Of course what I wrote is highly provocative. But then again, does adding a bunch of slower cores to help out with multicore performance really quality as innovation? You are treating the symptom, not the cause. While under the hood, the same old problems remain. Even after the massive ore redesign, they still need almost 80 watts of power to be competitive with Zen3 at 25W or M1 at 5W!!!
Ah, come on, don't be silly. Of course they can. It will just be not nearly as impressive or performant as claimed. No wonder Intel has been manipulating benchmarks. They have this impressive front, but the supports are rotten.
You can look at Intel a couple of ways. They are a business and as such has put profit ahead of innovation and they have been very successful at making a profit on their chips. I think it is actually amazing they have stayed competitive with AMD and Apple when you think about it. Apple is on 5nm process and AMD is on 7nm process while Intel is going to be on it's third or fourth gen on 10nm enhanced super fin or process 7 and they are still competitive.
Anyone who understands CPU architecture understands the slight of hand that Intel is playing. Instead of going to a true 7nm process by Intel's standards they are renaming the old architecture something new and adding a bunch of efficiency cores to help with heat and battery life. The problem is when all cores are running under load the thermals will still be a problem as others have noted.
So it is a little unfortunate that Intel is playing games with semantics but they have been doing these things for years with core branding.
The good news for Intel is that while Apple doesn't have a lot of room in terms of process reduction going forward. Intel still does. So when Intel finally gets to 5nm or 3nm with hybrid architecture they are implementing in Alder Lake they should still see pretty big performance gains and less heat.
I like the fact Intel makes chips in the USA and as a national security interest I want to see Intel succeed but when they sit on their ass instead of innovate and then just rename something to sound better while cranking up the frequency and heat it doesn't bode well for them.
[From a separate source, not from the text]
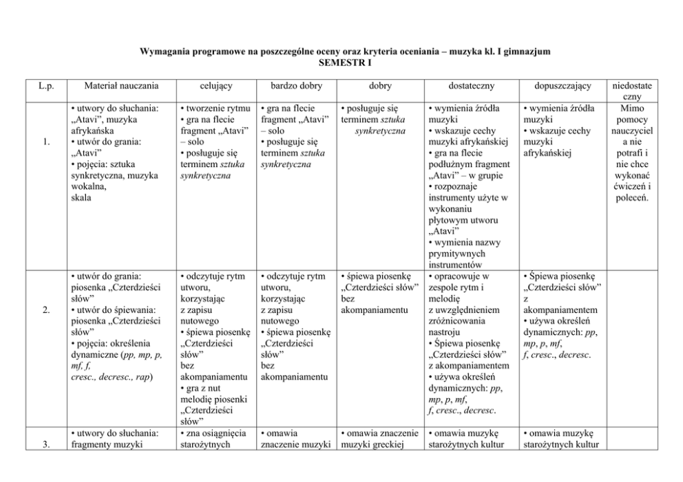 Wymagania programowe na poszczególne oceny oraz kryteria oceniania – muzyka kl. I gimnazjum SEMESTR I L.p. 1. 2. 3. Materiał nauczania celujący bardzo dobry • utwory do słuchania: „Atavi”, muzyka afrykańska • utwór do grania: „Atavi” • pojęcia: sztuka synkretyczna, muzyka wokalna, skala • tworzenie rytmu • gra na flecie fragment „Atavi” – solo • posługuje się terminem sztuka synkretyczna • gra na flecie fragment „Atavi” – solo • posługuje się terminem sztuka synkretyczna • posługuje się terminem sztuka synkretyczna • utwór do grania: piosenka „Czterdzieści słów” • utwór do śpiewania: piosenka „Czterdzieści słów” • pojęcia: określenia dynamiczne (pp, mp, p, mf, f, cresc., decresc., rap) • odczytuje rytm utworu, korzystając z zapisu nutowego • śpiewa piosenkę „Czterdzieści słów” bez akompaniamentu • gra z nut melodię piosenki „Czterdzieści słów” • zna osiągnięcia starożytnych • odczytuje rytm utworu, korzystając z zapisu nutowego • śpiewa piosenkę „Czterdzieści słów” bez akompaniamentu • śpiewa piosenkę „Czterdzieści słów” bez akompaniamentu • omawia znaczenie muzyki • omawia znaczenie muzyki greckiej • utwory do słuchania: fragmenty muzyki dobry dostateczny dopuszczający • wymienia źródła muzyki • wskazuje cechy muzyki afrykańskiej • gra na flecie podłużnym fragment „Atavi” – w grupie • rozpoznaje instrumenty użyte w wykonaniu płytowym utworu „Atavi” • wymienia nazwy prymitywnych instrumentów • opracowuje w zespole rytm i melodię z uwzględnieniem zróżnicowania nastroju • Śpiewa piosenkę „Czterdzieści słów” z akompaniamentem • używa określeń dynamicznych: pp, mp, p, mf, f, cresc., decresc. • wymienia źródła muzyki • wskazuje cechy muzyki afrykańskiej • omawia muzykę starożytnych kultur • omawia muzykę starożytnych kultur • Śpiewa piosenkę „Czterdzieści słów” z akompaniamentem • używa określeń dynamicznych: pp, mp, p, mf, f, cresc., decresc. niedostate czny Mimo pomocy nauczyciel a nie potrafi i nie chce wykonać ćwiczeń i poleceń. starożytnego Egiptu, muzyki chińskiej, indyjskiej, greckiej („Hymn do Heliosa”) i żydowskiej • utwory do grania: melodie egipska i chińska • pojęcia: pentatonika, hymn 4. 5. • utwór do grania: „Pieśń Seikilosa” • pojęcia: fermata, sztuka synkretyczna, tragedia • utwory do słuchania: fragment chorału gregoriańskiego, pieśń„Bogurodzica” • utwór do grania: kompozycja własna • pojęcia: jednogłosowość, a cappella, chorał gregoriański, msza, teocentryzm, trubadur, Greków w dziedzinie muzyki • omawia znaczenie muzyki greckiej i żydowskiej dla rozwoju muzyki europejskiej • rozpoznaje instrumenty starożytne użyte w nagraniach • tworzy układ choreograficzny do opracowanej melodii i rytmu • odczytuje rytm utworu, korzystając z zapisu nutowego • potrafi wymienić imiona greckich muz • rozumie znaczenie pojęcia a cappella • wyjaśnia, jakie znaczenie miała umiejętność muzykowania dla wizerunku średniowiecznego rycerza • rozpoznaje greckiej i żydowskiej dla rozwoju muzyki europejskiej • rozpoznaje instrumenty starożytne użyte w nagraniach i żydowskiej dla rozwoju muzyki europejskiej muzycznych: egipskiej, żydowskiej, greckiej, chińskiej i indyjskiej • gra z nut melodie • zalicza starożytne instrumenty do właściwej grupy muzycznych: egipskiej, żydowskiej, greckiej, chińskiej i indyjskiej • odczytuje rytm utworu, korzystając z zapisu nutowego • potrafi wymienić imiona greckich muz • potrafi wymienić imiona greckich muz • improwizuje ruch do „Pieśni Seikilosa” • gra z nut melodię „Pieśni Seikilosa” • improwizuje ruch do „Pieśni Seikilosa” • rozumie znaczenie pojęcia a cappella • rozpoznaje brzmienie niektórych instrumentów z epoki • rozumie znaczenie • zna ramy czasowe pojęcia a cappella epoki średniowiecza i wie, jak długo trwała ta epoka • zna części stałe mszy • rozumie znaczenie pojęcia jednogłosowość • wymienia cechy • wymienia cechy chorału gregoriańskiego • rozumie znaczenie pojęcia jednogłosowość 6. 7. truwer, łuk okrągły, ostry, sklepienie, portal, witraż, rozeta, maswerk, relief, fresk brzmienie niektórych instrumentów z epoki • utwór do słuchania: „Gaude Mater Polonia” R. de Vaqueiras, „Kalenda maya” • utwór do śpiewania: „Gaude Mater Polonia” • pojęcia: motet, notacja, neumy, wielogłosowość • sylwetki twórców: Leoninus, Perotinus, Wincenty z Kielczy, Mikołaj z Radomia • omawia sylwetkę Mikołaja z Radomia, • potrafi zaśpiewać pieśń „Gaude Mater Polonia” – solo • wyjaśnia, jakie znaczenie dla rozwoju muzyki miało zastosowanie notacji muzycznej • omawia sylwetkę Mikołaja z Radomia, • potrafi zaśpiewać pieśń „Gaude Mater Polonia” – solo - śpiewa piosenkę solo • utwory do słuchania: „Rex”, „Kleszczmy rękoma” • utwór do grania: „Kleszczmy rękoma” • uzasadnia, w jaki sposób zmiana ideologii teocentrycznej na • wskazuje i wyjaśnia równice pomiędzy językiem poezji Kochanowskiego • wskazuje i wyjaśnia równice pomiędzy językiem poezji Kochanowskiego a chorału gregoriańskiego • analizuje elementy budowy „Bogurodzicy” • wymienia nazwy instrumentów z epoki • rozumie znaczenie pojęć: msza, chorał gregoriański, trubadurzy i truwerzy określa charakter utworu • rytmizuje tekst pieśni • potrafi zaśpiewać pieśń „Gaude Mater Polonia” – w grupie • zna twórców wielogłosowości – Leoninusa i Perotinusa • porównuje pieśni: „Bogurodzica”, „Rota”, „Mazurek Dąbrowskiego” • wskazuje elementy kształtujące świecki charakter utworu „Kalenda maya” • zna ramy czasowe epoki renesansu i wie, jak długo trwała • porównuje czas określa charakter

I think the future of these chips is exciting because in my opinion we have not seen real computer chips yet. What I mean is that around the 5nm mark we are seeing a dramatic shift in efficiency and performance that has simply not been possible before now. Obviously the architecture such as ARM or x86 makes a huge difference as well but the process node is a fundamental shift in what is possible. Once AI neural engines are improved and new substrates are found that are as cheap as silicon but perform better like graphene etc we will have the next leap in computing but for now we are constrained by the physics of silicon.
Until I see Intel get to a better process and figure out the heterogeneous multi processing I am going to stick with Apple. AMD has a great opportunity but long term I do not think they can hold on to their advantage and they lack support in other areas like drivers, etc. Neither AMD nor Intel will be able to match ARM in efficiency so again it is interesting times to see what is ahead!